Martin Fowler’s framework splits controls into three categories: maintainability harnesses for tests and linters; architecture fitness harnesses for performance and observability; and behavior harnesses combining functional specs with AI-generated test suites [17].

The benchmark data is stark. On CodeSOTA’s Terminal-Bench 2 leaderboard, Claude Opus 4.6 scores 79.8% under the ForgeCode harness but drops to 66.9% under Crux. That’s a 12.9-point gap, driven entirely by scaffolding differences [3]. The model didn’t change. The harness did.

We question how much of the 79.8% figure reflects genuine capability versus harness-model co-optimization. The CodeSOTA leaderboard doesn’t disclose harness internals, making it hard to separate scaffolding quality from scaffolding-model fit.

ALERT

The co-evaluation trap: models can overfit to the harness used during training. A model fine-tuned on one scaffolding pattern may degrade when dropped into a different harness, even if both are sound. Harness modularity is a test-time concern, not just a deployment convenience [4].

How the Ralph Loop Delivers Weeks of Autonomy with a Bash One-Liner

The Ralph loop is the simplest pattern that works at production scale: an infinite bash loop piping the same prompt into an agent repeatedly, each iteration in a fresh context with state persisted to the filesystem [6][7].

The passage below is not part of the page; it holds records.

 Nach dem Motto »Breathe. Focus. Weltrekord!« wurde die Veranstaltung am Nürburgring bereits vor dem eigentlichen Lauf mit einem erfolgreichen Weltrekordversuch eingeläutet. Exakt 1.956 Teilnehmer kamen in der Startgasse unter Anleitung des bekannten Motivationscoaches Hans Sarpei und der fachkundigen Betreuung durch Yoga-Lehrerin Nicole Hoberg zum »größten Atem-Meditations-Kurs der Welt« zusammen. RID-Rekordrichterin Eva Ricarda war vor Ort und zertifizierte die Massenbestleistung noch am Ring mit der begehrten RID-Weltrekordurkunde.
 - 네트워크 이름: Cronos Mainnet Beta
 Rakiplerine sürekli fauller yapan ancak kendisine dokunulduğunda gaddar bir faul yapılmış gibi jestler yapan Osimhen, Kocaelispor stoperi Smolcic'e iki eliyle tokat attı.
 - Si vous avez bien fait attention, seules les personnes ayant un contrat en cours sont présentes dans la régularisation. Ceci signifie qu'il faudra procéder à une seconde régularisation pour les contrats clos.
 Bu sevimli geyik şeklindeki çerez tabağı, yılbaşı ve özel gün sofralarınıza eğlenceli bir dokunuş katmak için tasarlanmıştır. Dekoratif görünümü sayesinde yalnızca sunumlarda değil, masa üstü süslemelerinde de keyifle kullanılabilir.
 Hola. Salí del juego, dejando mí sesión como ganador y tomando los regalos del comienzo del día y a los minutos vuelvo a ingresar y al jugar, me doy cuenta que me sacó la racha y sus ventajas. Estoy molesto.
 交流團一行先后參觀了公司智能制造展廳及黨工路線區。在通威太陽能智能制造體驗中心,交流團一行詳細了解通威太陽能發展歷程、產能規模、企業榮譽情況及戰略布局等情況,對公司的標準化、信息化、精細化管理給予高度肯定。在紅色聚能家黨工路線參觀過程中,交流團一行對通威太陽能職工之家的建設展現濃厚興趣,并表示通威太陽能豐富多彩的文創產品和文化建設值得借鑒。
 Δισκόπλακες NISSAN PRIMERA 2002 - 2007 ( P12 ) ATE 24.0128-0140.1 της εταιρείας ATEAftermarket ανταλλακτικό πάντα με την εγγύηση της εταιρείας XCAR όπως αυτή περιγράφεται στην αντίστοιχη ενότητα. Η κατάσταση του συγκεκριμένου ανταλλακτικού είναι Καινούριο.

# The Ralph loop — simplest viable harness
# Each iteration: fresh context, filesystem memory
while true; do
  cat PROMPT.md | agent
  git add -A && git commit -m "ralph: $(date +%s)"
done

Huntley’s core insight: ‘sit on the loop, not in it’ [6]. The human never interacts with the agent mid-execution; they design the prompt, configure backpressure, and let the loop grind. Each iteration reads state from the filesystem — git diffs, test results, logs — then writes new state for the next cycle; the agent never accumulates context.

Backpressure prevents the loop from becoming a destruction vector. Pre-commit hooks block broken code; test suites run on every commit; file-level constraints, such as limiting the agent to specific directories and enforcing maximum diff size, prevent runaway changes [6].

OpenAI used essentially this pattern to build a production product: ~1M lines of code, 1,500 PRs, 3 to 7 engineers, zero manually-written lines [8]. Codex agents ran in a Ralph loop with agent-to-agent review.

Anthropic’s Two-Agent Harness: Why a Separate Initializer Solves the Biggest Failure Mode

Anthropic’s harness splits the problem into two agents: an initializer scaffolds the environment once; a coding agent runs repeatedly making incremental progress [1]. This separation solves four failure modes that plague single-agent setups.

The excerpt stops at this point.